→ Problem to work on: Check every line below for the word "long" and show those that hold it.

○ ○ ○ ○ ○

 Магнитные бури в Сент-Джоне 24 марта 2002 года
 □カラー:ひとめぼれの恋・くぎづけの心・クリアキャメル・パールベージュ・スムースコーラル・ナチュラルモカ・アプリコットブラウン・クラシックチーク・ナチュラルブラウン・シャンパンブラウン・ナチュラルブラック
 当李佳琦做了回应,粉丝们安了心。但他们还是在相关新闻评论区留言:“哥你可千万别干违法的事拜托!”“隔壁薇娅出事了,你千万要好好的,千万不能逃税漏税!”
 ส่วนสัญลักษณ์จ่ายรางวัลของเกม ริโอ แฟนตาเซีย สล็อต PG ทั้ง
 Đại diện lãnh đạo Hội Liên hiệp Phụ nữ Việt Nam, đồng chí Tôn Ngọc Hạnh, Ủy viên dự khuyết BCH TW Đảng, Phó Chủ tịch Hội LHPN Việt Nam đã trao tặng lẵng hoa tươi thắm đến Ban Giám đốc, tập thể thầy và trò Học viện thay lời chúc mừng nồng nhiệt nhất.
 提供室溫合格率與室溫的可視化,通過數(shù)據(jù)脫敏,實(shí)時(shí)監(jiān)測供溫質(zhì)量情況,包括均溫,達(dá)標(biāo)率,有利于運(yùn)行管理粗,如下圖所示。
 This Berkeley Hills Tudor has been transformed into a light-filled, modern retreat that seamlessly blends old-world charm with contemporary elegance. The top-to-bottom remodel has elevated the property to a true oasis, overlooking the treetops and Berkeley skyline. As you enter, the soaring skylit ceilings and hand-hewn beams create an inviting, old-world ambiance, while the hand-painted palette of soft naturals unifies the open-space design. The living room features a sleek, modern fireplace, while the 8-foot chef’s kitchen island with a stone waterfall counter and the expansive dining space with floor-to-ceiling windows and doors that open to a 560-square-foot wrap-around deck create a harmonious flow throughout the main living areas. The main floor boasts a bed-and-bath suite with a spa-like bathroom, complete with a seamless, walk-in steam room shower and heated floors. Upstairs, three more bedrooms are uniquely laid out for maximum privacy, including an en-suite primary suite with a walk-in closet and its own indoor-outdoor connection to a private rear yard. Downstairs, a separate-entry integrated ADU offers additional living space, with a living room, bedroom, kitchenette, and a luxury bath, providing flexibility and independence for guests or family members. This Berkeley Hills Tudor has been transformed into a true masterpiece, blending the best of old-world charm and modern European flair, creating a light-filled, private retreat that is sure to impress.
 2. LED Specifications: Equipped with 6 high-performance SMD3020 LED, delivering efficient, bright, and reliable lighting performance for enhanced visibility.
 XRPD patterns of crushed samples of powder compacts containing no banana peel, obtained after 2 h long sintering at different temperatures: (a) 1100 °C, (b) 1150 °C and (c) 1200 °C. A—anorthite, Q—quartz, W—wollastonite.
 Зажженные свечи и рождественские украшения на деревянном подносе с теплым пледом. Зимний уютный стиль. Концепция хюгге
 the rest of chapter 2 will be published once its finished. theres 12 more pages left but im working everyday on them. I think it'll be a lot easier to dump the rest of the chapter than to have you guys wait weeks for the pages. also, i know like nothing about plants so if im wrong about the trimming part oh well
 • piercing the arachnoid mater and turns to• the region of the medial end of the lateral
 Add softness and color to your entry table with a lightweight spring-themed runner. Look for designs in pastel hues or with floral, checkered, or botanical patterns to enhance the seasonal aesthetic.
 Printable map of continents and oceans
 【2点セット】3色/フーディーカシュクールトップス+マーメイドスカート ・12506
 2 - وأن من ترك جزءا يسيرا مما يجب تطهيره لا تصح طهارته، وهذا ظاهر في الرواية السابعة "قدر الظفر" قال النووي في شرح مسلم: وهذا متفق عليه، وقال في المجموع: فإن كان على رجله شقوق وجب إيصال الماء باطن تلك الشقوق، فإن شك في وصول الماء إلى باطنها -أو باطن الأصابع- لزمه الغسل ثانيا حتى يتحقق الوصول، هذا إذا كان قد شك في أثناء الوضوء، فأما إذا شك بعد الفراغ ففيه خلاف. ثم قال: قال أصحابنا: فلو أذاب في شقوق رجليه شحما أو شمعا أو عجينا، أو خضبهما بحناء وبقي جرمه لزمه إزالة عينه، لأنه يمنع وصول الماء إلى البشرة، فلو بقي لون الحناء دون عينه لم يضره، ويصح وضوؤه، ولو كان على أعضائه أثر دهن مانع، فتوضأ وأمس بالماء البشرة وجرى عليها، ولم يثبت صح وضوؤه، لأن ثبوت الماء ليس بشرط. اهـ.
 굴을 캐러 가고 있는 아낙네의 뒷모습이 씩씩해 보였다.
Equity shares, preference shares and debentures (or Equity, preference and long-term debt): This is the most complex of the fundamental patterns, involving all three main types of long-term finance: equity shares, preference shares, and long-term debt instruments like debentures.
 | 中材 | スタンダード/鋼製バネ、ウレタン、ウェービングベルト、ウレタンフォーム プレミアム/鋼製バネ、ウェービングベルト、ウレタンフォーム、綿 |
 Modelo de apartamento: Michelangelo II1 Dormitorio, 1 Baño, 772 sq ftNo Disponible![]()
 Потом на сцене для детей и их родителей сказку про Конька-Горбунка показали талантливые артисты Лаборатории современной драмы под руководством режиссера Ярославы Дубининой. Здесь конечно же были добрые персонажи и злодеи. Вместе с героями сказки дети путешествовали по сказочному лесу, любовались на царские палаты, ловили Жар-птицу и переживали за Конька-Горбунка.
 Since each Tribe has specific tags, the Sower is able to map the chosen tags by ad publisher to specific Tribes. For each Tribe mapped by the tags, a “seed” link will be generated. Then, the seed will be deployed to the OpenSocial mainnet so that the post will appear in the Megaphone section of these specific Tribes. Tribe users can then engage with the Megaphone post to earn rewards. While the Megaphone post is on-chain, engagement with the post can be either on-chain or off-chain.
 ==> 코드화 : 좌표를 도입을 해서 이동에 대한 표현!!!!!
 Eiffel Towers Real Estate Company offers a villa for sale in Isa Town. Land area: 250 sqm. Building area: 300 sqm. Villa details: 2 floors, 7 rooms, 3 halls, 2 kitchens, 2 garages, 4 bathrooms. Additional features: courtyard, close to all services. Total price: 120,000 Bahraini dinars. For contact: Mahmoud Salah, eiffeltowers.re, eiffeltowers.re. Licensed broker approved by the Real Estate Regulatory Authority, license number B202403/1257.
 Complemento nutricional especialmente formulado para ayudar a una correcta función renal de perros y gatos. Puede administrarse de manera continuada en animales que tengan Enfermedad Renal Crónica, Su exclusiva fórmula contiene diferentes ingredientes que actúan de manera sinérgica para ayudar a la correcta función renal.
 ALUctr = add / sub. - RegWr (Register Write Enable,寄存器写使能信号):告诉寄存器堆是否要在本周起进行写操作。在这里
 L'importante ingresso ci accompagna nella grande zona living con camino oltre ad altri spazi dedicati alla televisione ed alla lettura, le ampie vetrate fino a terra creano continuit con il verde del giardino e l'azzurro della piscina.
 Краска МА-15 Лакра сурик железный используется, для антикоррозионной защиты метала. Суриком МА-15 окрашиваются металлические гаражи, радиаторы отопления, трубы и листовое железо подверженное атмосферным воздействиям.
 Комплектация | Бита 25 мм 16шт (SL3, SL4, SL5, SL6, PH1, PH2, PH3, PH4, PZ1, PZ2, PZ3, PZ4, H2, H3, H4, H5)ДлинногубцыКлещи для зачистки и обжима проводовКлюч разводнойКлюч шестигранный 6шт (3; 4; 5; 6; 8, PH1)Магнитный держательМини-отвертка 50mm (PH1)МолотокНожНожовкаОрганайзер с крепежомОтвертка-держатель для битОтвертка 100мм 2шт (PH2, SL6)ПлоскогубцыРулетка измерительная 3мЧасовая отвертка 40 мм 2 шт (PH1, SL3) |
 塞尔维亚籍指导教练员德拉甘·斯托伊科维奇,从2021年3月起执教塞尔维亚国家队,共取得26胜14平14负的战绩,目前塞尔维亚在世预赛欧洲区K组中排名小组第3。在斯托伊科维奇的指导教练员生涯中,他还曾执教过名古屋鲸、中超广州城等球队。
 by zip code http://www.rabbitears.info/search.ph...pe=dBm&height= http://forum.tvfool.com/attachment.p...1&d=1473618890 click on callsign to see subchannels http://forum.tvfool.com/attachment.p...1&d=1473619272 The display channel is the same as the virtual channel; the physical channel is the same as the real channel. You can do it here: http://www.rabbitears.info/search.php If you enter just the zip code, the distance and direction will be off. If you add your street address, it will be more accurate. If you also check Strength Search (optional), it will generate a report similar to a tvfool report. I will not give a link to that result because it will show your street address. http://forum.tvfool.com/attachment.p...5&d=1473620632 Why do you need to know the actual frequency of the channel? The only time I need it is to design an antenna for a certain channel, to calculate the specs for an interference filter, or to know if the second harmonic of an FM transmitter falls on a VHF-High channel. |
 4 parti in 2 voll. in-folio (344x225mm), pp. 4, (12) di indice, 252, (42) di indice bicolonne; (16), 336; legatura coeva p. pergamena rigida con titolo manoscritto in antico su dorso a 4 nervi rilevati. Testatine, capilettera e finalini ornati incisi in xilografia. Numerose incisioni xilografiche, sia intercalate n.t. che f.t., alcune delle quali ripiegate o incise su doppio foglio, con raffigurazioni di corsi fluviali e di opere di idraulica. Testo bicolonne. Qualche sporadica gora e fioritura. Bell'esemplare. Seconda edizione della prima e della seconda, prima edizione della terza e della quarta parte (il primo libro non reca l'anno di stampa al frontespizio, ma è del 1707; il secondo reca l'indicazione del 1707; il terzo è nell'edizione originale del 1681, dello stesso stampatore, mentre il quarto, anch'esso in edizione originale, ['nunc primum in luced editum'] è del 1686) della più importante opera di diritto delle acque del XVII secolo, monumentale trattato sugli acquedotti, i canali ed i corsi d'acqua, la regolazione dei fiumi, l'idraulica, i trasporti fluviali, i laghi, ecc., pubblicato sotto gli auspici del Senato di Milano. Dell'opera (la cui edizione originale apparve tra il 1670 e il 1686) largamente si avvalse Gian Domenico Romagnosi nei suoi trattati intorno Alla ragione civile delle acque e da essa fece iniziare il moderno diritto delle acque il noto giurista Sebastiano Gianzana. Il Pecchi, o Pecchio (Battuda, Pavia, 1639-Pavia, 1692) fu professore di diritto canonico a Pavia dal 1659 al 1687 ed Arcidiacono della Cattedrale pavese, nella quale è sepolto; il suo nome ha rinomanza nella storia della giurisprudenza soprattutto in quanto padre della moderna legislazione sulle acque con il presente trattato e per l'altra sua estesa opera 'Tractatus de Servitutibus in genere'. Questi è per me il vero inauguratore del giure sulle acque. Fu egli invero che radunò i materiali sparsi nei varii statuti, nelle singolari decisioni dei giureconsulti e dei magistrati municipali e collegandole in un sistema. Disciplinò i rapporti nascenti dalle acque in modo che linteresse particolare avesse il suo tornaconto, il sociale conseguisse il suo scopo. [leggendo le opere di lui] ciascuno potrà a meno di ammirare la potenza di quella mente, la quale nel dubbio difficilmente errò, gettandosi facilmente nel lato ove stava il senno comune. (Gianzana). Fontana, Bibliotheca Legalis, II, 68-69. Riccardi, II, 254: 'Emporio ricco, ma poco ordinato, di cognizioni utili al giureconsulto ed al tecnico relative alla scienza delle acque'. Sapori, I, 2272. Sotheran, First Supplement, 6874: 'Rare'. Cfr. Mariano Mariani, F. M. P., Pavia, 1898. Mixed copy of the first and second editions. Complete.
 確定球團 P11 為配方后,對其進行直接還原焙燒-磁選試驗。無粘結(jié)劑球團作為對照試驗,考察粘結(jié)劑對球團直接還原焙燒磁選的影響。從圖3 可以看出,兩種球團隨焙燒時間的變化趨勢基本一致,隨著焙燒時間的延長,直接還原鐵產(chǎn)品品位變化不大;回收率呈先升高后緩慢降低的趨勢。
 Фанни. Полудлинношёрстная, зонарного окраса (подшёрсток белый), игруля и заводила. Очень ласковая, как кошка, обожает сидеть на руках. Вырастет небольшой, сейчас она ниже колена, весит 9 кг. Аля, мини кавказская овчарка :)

○ ○ ○ ○ ○

→ Answer:
 XRPD patterns of crushed samples of powder compacts containing no banana peel, obtained after 2 h long sintering at different temperatures: (a) 1100 °C, (b) 1150 °C and (c) 1200 °C. A—anorthite, Q—quartz, W—wollastonite.
Equity shares, preference shares and debentures (or Equity, preference and long-term debt): This is the most complex of the fundamental patterns, involving all three main types of long-term finance: equity shares, preference shares, and long-term debt instruments like debentures.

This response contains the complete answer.